A Comissão de Defesa dos Direitos da Pessoa Idosa da Câmara dos Deputados vai analisar as sugestões colhidas em audiência pública sobre a interdição abusiva de pessoas idosas, a fim de transformar as contribuições em propostas de aprimoramento legislativo e institucional.
Uso indevido motivado por interesses financeiros
O debate, realizado nesta quarta-feira (5), abordou o uso indevido de processos de interdição, muitas vezes motivados por interesses financeiros de familiares, e ainda mecanismos para proteger pessoas com plena capacidade cognitiva.
A interdição é um processo legal destinado a proteger os interesses de indivíduos que não possuem capacidade de discernimento. Por meio dela, a Justiça declara a incapacidade da pessoa para gerir atos da vida civil e nomeia um curador para representá-la e tomar decisões em seu nome.
O advogado e professor do Instituto Brasileiro de Ensino, Desenvolvimento e Pesquisa Rafael Carneiro observou que, na prática, herdeiros têm buscado antecipar a gestão de patrimônio por meio de processos indevidos. Carneiro citou caso divulgado na imprensa em que a reação dos filhos a um litígio financeiro foi um processo de interdição contra o pai.
Preconceito etário no sistema judicial
A procuradora de Justiça do Rio Grande do Norte Iadya Gama Maio criticou a estrutura judicial atual, que falha em proteger a autonomia do idoso. "A máquina judicial brasileira ainda impera sob a lógica da incapacidade presumida da idade", declarou. "Vivemos o que eu denomino de paternalismo jurídico etário, uma estrutura que infantiliza o idoso, o despoja de sua voz e reduz a velhice à tutela".
O professor de direito Paulo Roberto Barbosa Ramos, da Universidade Federal do Maranhão (UFMA), disse que envelhecimento não deve ser confundido com incapacidade. "O envelhecimento não é motivo para interdição. Motivo é a incapacidade da pessoa para gerir seus atos em razão de uma doença severa que a torne incapaz de exprimir a sua vontade".

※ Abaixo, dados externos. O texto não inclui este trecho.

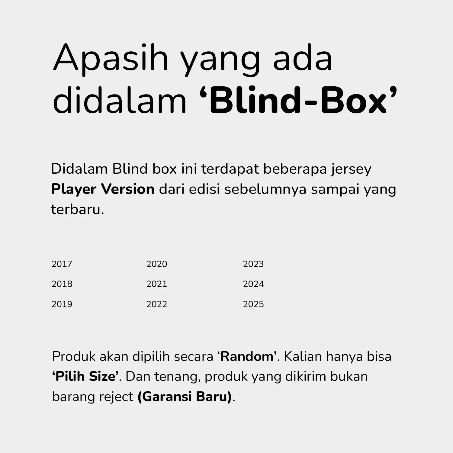 Blind Box is Back! Nikmati experience unboxing Blind Box yang menyenangkan dengan Promo Special dari Arosbaya Jersey. Syarat dan ketentuan: 1. Sebuah paket berisikan 2 pcs Jersey Player Version 2. Produk yang akan dikirim secara random 3. Bukan produk reject/minor, kualitas sama dengan produk lainnya 4. Jika anda sudah membeli berarti anda sudah menyetujui semua barang yang ada di dalam blind box ini. 5. Produk tidak bisa ditukar / dikembalikan (Kecuali rusak diperjalanan). [Details] Packaging: Plastic Polymailer. Size Chart: S: Panjang 67 cm x Lebar 49 cm M: Panjang 69 cm x Lebar 51 cm L: Panjang 71 cm x Lebar 53 cm XL: Panjang 73 cm x Lebar 55 cm (Toleransi: +/- 1-2 cm dikarenakan setiap apparel memproduksi Jersey dengan size yang berbeda-beda) Size Recommendation: Tinggi 160-167 cm x Berat Badan 50-65: Size S Tinggi 167-173 cm x Berat Badan 65-70: Size M Tinggi 173-175 cm x Berat Badan 70-73: Size L Tinggi 175-178 cm x Berat Badan 73-76: Size XL (Namun biasanya preferensi setiap orang berbeda-beda sehingga ukurannya kami serahkan kembali ke pembeli). Informasi Pengiriman Barang : - Senin s/d Jumat batas transfer pkl. 17.00 WIB - Sabtu s/d Minggu batas transfer pkl. 15.00 WIB - Update resi oleh ekspedisi pkl. 21.00 - 24.00 WIB Notes: - Warna yang terlihat pada gambar mungkin tidak 100% sama dengan produk yang sebenarnya, disebabkan karna proses pencahayaan pada pengambilan gambar atau kualitas layar gadget yang digunakan untuk melihat gambar. - Siapkan Video Unboxing sebagai antisipasi/bukti apabila barang yang diterima tidak sesuai/cacat (Garansi berlaku 1 x 24 Jam setelah barang sampai) - Usahakan sebelum checkout, tanyakan kembali melalui chat terkait ketersediaan produk, untuk meminimalisir pembatalan secara otomatis.

Propostas para coibir abusos
Para coibir o uso indevido e fraudulento da interdição, os especialistas apresentaram propostas como tipificação criminal específica da conduta, exclusão de herdeiros que tomam medidas de interdição abusiva, criação de equipes multidisciplinares no Poder Judiciário e fiscalização permanente com visitas periódicas.
Outras sugestões incluem incentivo à autotutela, revisão institucional para eliminar exigências indevidas de termos de curatela e ratificação da Convenção Interamericana sobre a Proteção dos Direitos Humanos dos Idosos (PDC 863/17).
O deputado Eriberto Medeiros (PSB-PE), que sugeriu o debate, informou que buscará agilidade no projeto referente à convenção e lamentou que uma ferramenta de proteção venha sendo usada como forma de violência.